Pick the right moment to raise money. If you’ve been thinking about an initial public offering (IPO) or tapping another source of funding, two things will affect the optimal timing: the growth of your business and the competing options for returns. The best moment usually arrives when growth is high and other possible investments are paying low rates.
The economy has been growing fairly rapidly, and expectations are for continued moderate growth this year. But it may take a couple of years for interest rates to fall to the “easy money” levels from before the Covid-19 pandemic, if they do at all. What will happen after the elections in November is anyone’s guess, but companies considering an IPO may well be rewarded for waiting.
Refinance debt when possible. Just as homeowners flock to refinance their mortgages when rates drop, so should businesses seek out lower rates for their outstanding debts. As the supply of credit grows, lenders are typically more willing to consider refinancing.
The key is to calculate the true value of a refinancing deal — not just after paying fees, but also when considering the difference between the refinancing rate and the interest rates in the market. A lender might offer a no-fee refinancing, but it’s not necessarily a bargain if the rate is higher than what other lenders would agree. The same goes for refinancing deals that “reset the clock” for a loan, implying a longer series of repayments in the future.
Be aware of fluctuating exchange rates. Big institutional investors move markets, and today’s institutional investors like to take advantage of international differences in interest rates. If they can borrow at 4% in Europe and earn 5% in the United States, even for a short time, they will. But if rates fall more quickly in the United States than in Europe, some of that money could go in the opposite direction, weakening the dollar along the way.
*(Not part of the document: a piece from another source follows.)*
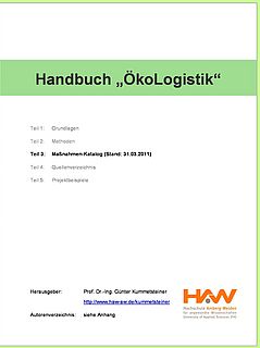 Bereits im Sommersemester 2010 wurde als Wahlpflichtfach der Vertiefungsrichtung „Integrierte Logistiksysteme“ in der Fakultät Wirtschaftsingenieurwesen eine studentische Projektarbeit zum Thema initiiert. Auf Basis struktureller Vorgaben und unter konzeptioneller Begleitung von Prof. Dr.-Ing. Günter Kummetsteiner erfolgten erste Recherchen und Ausarbeitungen. Aufbauend darauf wurden im Rahmen eines Forschungs- bzw. Praxissemesters von Prof. Dr. Kummetsteiner die Recherchen durch weitere Quellen erweitert, vorhandene Ansätze überarbeitet und vertieft sowie weitere Themen integriert, so dass als Ergebnis ein mehrteiliges „Handbuch ÖkoLogistik“ vorliegt.

If you’re negotiating contracts with international suppliers or if you’re selling into markets abroad, then these exchange rates have a direct effect on your bottom line. In fact, given the volatility that could result in foreign exchange markets this year, you might want to consider long-term deals that lock in rates for several months or more.
Use caution when hiring. The labor market is still tight by historical standards, and the economy is growing fairly quickly. If anything, economists are concerned that the Fed won’t lower rates fast enough to stave off higher unemployment. Yet with lower inventories in retail and an uptick in some manufacturing industries, as well as sustained demand for services, things could also heat up again. After all, the unemployment rate was even lower than it is now for long spells in the past couple of years.
This atmosphere of uncertainty means businesses ought to be careful in the labor market. Hiring — and sometimes firing as well — carries a fixed cost that can’t be recouped. As an alternative, employers may want to consider using flexible workers, either on a recurring basis or even on long-term contracts. When the uncertainty clears and demand is steady, these workers will also be great candidates for permanent hires.
As a final note, consider your customers and suppliers. For small businesses that run on cash from day to day, interest rates may not seem too important. But they affect your customers’ ability to buy your goods and services. They also determine how much rent your landlord needs to charge and where your insurance premium might go next. Once you know how these things are connected, you’ll be in a better position to prepare for the trends to come.